Hunger and sickness beset Gaza amid Israeli air strikes
Gaza's 1.5 million residents are facing an "alarming" humanitarian situation under constant Israeli bombardment, with the main power plant shut down, overcrowded hospitals struggling to cope and very limited food supplies, UN officials said.
UN humanitarian chief John Holmes said the power plant shut down on Tuesday because Israel has blocked fuel delivery.
This has forced hospitals to use generators, which have limited fuel supplies, and left many of the 650,000 people in central and northern Gaza with power cuts of 16 hours a day or more, he said. "On the humanitarian side," Holmes said, "the situation remains alarming".
"Hospitals are obviously still struggling very much to cope with the number of casualties. We have continued to get some medical supplies in and to help them cope, but this remains difficult and fragile," he told reporters at UN headquarters.

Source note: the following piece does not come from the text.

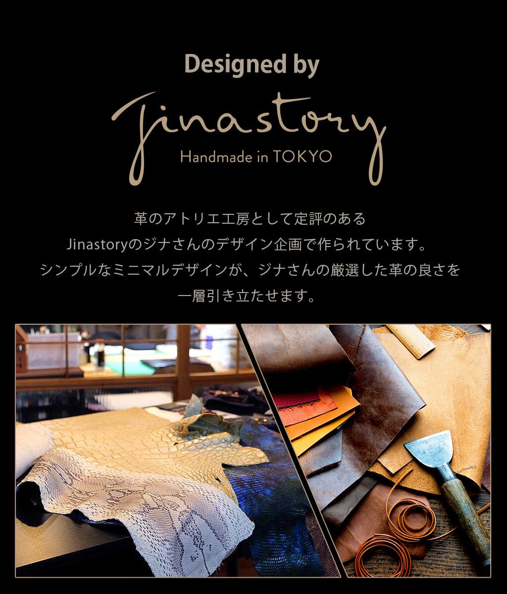 革のアトリエ工房として定評のあるJinastory・ジナさんが企画・監修を手掛けています。シンプルでミニマルなデザインが、厳選した革の素材の風合い良さを引き立たてせます。
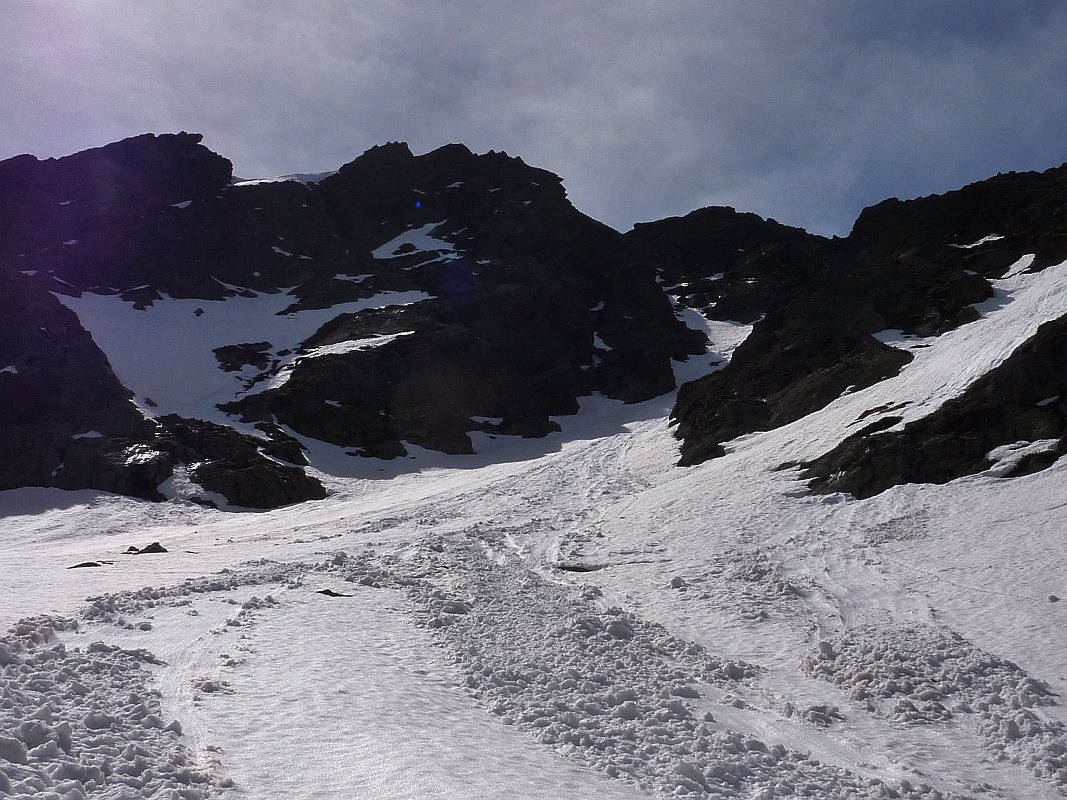 Après le beau replat et la passerelle de Caudière, le GR10 passe dans une barre rocheuse raide, très dangereuse en hiver (neige et glace), mais qu'on peut éviter.

Karen Abu Zayd, commissioner of the UN Relief and Works Agency which helps Palestinian refugees, told reporters by video link from Gaza that the agency has not distributed any food for two weeks because of the shortage of supplies and the Israeli bombardment.
"I think that means that 20,000 people a day have been without food that they expect – and probably is the bulk of what they get. It's not just the flour, but it's the protein source, either lentils or tinned meat and the sugar and milk powder and oil," she said. "So people are doing pretty badly. Everyone we know is sharing whatever they have, not just with their families but with their neighbors," Abu Zayd said.
"People are not eating what they used to. That's simply what's happening.
"We haven't seen widespread hunger. We do see for the very first time – I've been here for eight years – people going through the rubbish dumps looking for things, people begging which is quite a new phenomenon as well," she said.
A spokesman for President George W Bush, Gordon Johndroe, told reporters in Texas that American officials are seeing "a good flow" of medical and food supplies into Gaza.
Abu Zayd stressed, however, that UNRWA needs 100 trucks of flour a day to meet the needs of refugees.
But she said Israel has closed down the Karni crossing, the main gateway for cargo into Gaza where it is normally delivered, for security reasons.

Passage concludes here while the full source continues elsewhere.